§ **WHAT IS EXPECTED**
Please print the line that holds "发给车主看看,车主还是那句话:按照我的标准来。那我必须给车主一辆新车的状态!" and each line after it to the end of the data, word for word, without any pictures.

§ **DATA BLOCK**

- Opening Delimiter -

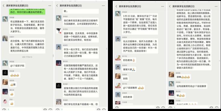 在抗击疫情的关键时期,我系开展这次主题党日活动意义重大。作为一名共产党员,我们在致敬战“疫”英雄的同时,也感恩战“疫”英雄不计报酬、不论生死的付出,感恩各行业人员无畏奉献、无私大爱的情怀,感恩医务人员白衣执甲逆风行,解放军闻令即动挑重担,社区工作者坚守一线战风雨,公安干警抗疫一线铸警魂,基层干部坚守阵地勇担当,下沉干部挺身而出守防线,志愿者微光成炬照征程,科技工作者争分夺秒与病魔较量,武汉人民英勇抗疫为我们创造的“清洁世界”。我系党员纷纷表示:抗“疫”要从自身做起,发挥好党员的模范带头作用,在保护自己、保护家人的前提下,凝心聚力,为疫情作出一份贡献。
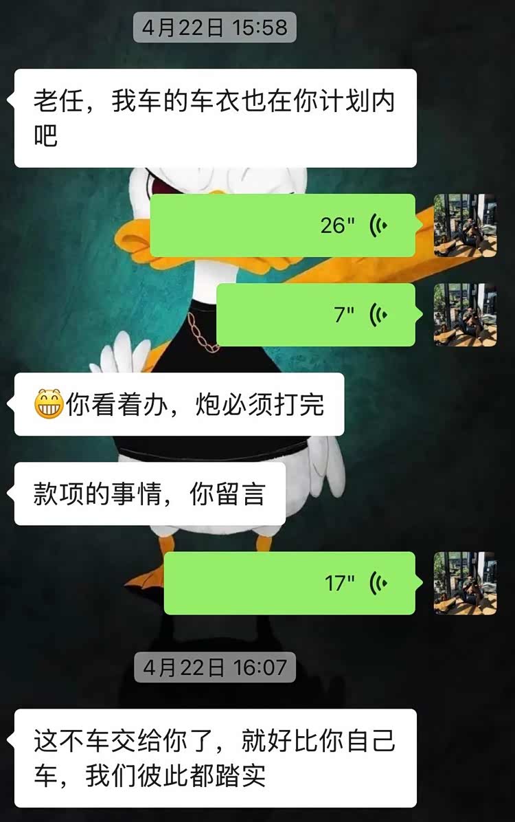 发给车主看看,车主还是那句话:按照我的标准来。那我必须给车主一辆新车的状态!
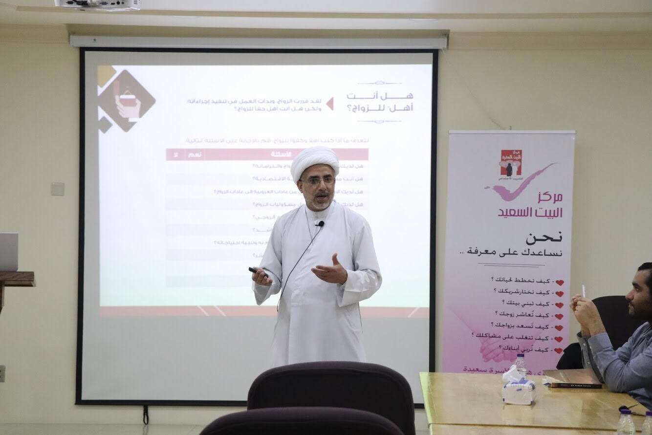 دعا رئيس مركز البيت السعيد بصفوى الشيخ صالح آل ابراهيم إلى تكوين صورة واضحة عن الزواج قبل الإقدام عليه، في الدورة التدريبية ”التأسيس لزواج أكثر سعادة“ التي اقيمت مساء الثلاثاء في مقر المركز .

- Closing Delimiter -

§ **RESULT FOR THIS EXERCISE**
 发给车主看看,车主还是那句话:按照我的标准来。那我必须给车主一辆新车的状态!
 دعا رئيس مركز البيت السعيد بصفوى الشيخ صالح آل ابراهيم إلى تكوين صورة واضحة عن الزواج قبل الإقدام عليه، في الدورة التدريبية ”التأسيس لزواج أكثر سعادة“ التي اقيمت مساء الثلاثاء في مقر المركز .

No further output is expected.